Мы жили в Марьиной Роще. В тот день я только помню, что начались пожары, а взрослые между собой шептались. Назавтра я взял своего младшего брата – говорю: «Ленечка, пойдем посмотрим – что там делается». Ни одного человека в городе! По Цветному бульвару идем – ни одного человека! По стеночке передвигаемся, дошли до Неглиной, а оттуда на грузовиках выезжают солдаты, матросы. Поворачивают на Петровку, и у Дома Крестьянина начинается стрельба. А я с братом стою – испугался, поехали обратно. Такой я запомнил революцию.
В то время Вы уже знали, что будете художником?
Это произошло уже после революции. Я поступил на испытательно-подготовительное отделение ВХУТЕМАСА – первый класс. Там преподавали Шемякин и Григорьев. Они помогли определить направление – у меня хорошо шло по живописи. И я начал ходить на живопись к Осмеркину. С ним мы занимались живописью академической, а был еще класс формализма – новаций, новых форм. Преподавала Любовь Попова – знаменитая абстракционистка. Она некоторое время поработала с нами, а потом ей дали по шапке – это АХРР (АХРР – Ассоциация художников революционной России (1922-28) – прим. К.Р.) начал свою работу. Вообще советская власть очень много мимо делала. Особенно позже, когда Сталин перевернул все, что устроил Ленин. Я считаю Ленина гениальной фигурой. Революций случайно не бывает – здесь виновато само царское правительство. А Сталин извратил все ленинские идеи. Например, моя семья лишилась всего из-за того, что отец, по приказу советской же власти, начал торговать. Потом пришел Сталин и сделал нас абсолютно бесправными – мы остались без квартиры, с повешенным ярлыком «лишенцы», и всюду за нами тянулось наше НЭПмановское прошлое.

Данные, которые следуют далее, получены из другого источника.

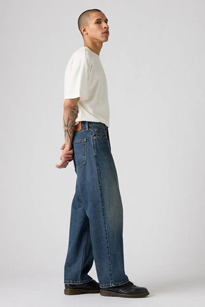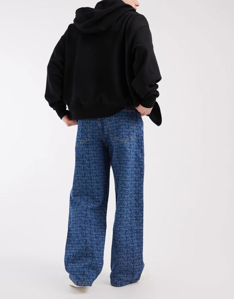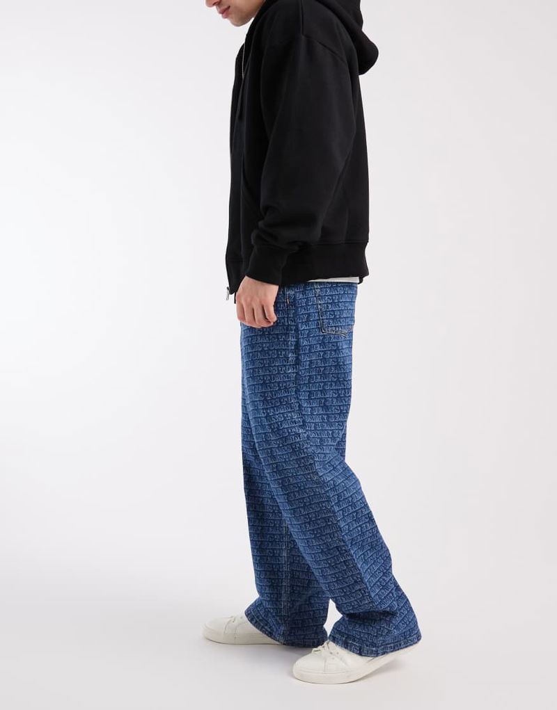 Theo Baggy Jeans With All Over Print In Mid Wash Blue

Как это все отразилось на Вашем творчестве?
Чем хуже жизнь, тем лучше художники работают. И наоборот – чем лучше условия, тем хуже для творчества. Вот, например, я как-то посетил одну выставку на Крымском валу – современной французской живописи. Так слабо! Так плохо! Беспомощно. Так пишут сейчас от самого левого до самого так называемого правого художника. Они слишком жирно живут. Живопись растет в борьбе. Сопротивление рождает злость, остроту, напор. Когда все гладко – получается сладенько. Вот, например, когда появился Малевич? Когда Филонов появился? В самые скверные, самые трудные времена.
Расскажите, пожалуйста, о художественной ситуации начала 20 века. Известно, что Вы принимали участие в группе «Бубновый валет».
Главный в «Бубновом валете» был Лентулов, по сути дела. Ведущими фигурами были Кончаловский, Машков. А мы были их ученики. Я стал последним учеником, вошедшим в «Бубновый валет». Так и остался последним – все уже умерли.
Ощущались ли модернистские традиции в Советской России?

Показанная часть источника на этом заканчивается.